A steady flow of negative news in recent weeks has disrupted the stock market's latest bullish run. The U.S. debt ceiling debate and concerns about China created volatility that has sent the S&P 500 index down as much as 5% from record highs set just over a month ago.

But volatility and healthy corrections are nothing new for the stock market. In fact, most years we typically see at least a 5% down move at some point. What's important is not to panic, and remember that no negative event has ever permanently derailed the U.S. markets. 

History actually suggests that market sell-offs are an ideal time to look for opportunities to buy your favorite stocks. Here are two high-growth examples to consider adding to your shopping list.

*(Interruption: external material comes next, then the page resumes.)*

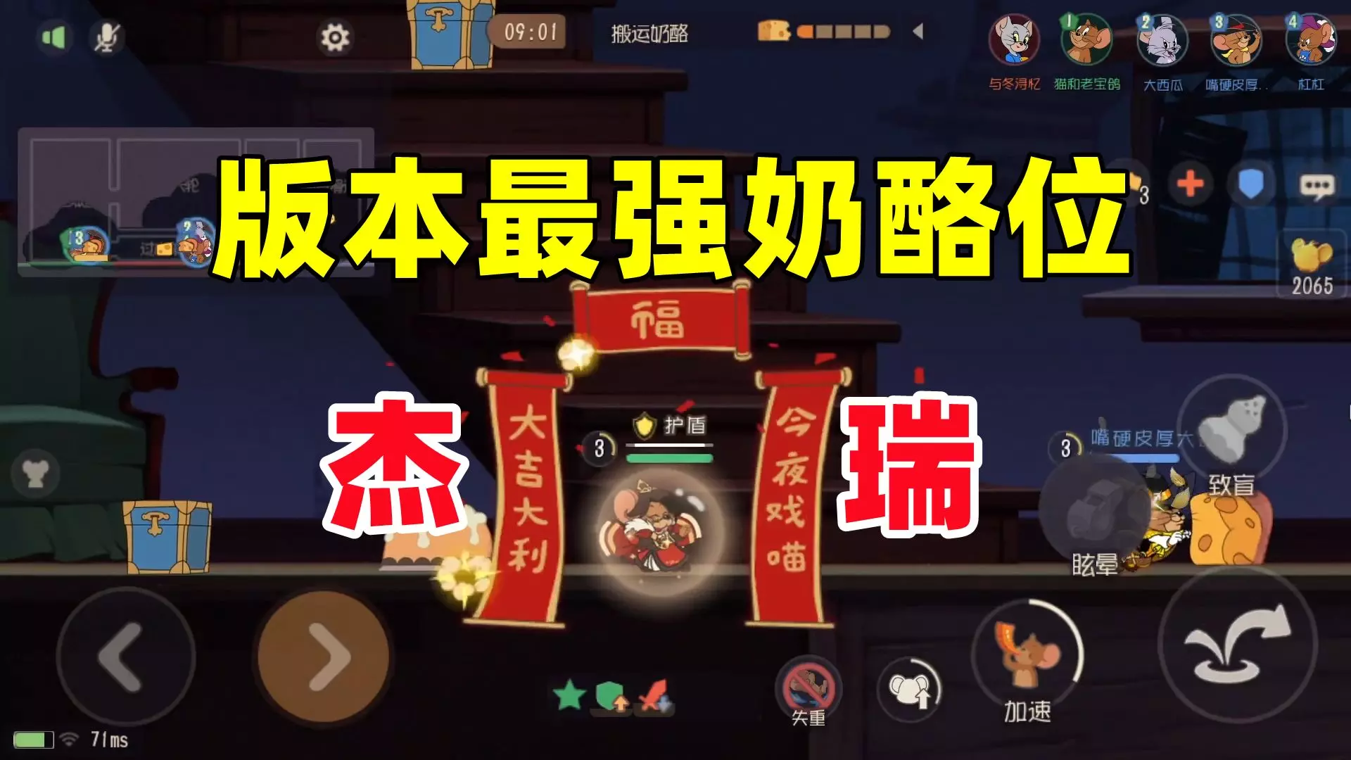 这是《猫和老鼠手游》的游戏实况,针对难对付的猫角色如玉,展示了使用格挡剑杰来应对的实战操作,呈现了剑杰的格挡等技能在对局中的运用,帮助玩家应对如玉。

Two excited friends taking a selfie in a sunny European location.

Image source: Getty Images.

1. The case for Facebook

While a falling broader market tends to adversely impact many individual companies, Facebook (META 1.54%) is contending with larger issues than a market downturn. A whistleblower has revealed some unsettling practices within the company as it relates to the treatment of harmful content, adding potential pressure for Facebook to sacrifice some profit to make its various platforms safer for users, especially children. 

To make matters worse, it's coming off a six-hour global outage across all Facebook-owned platforms earlier this week. The outage likely cost Facebook a sizable chunk of revenue, not to mention eroded trust in its reputation for maintaining uptime.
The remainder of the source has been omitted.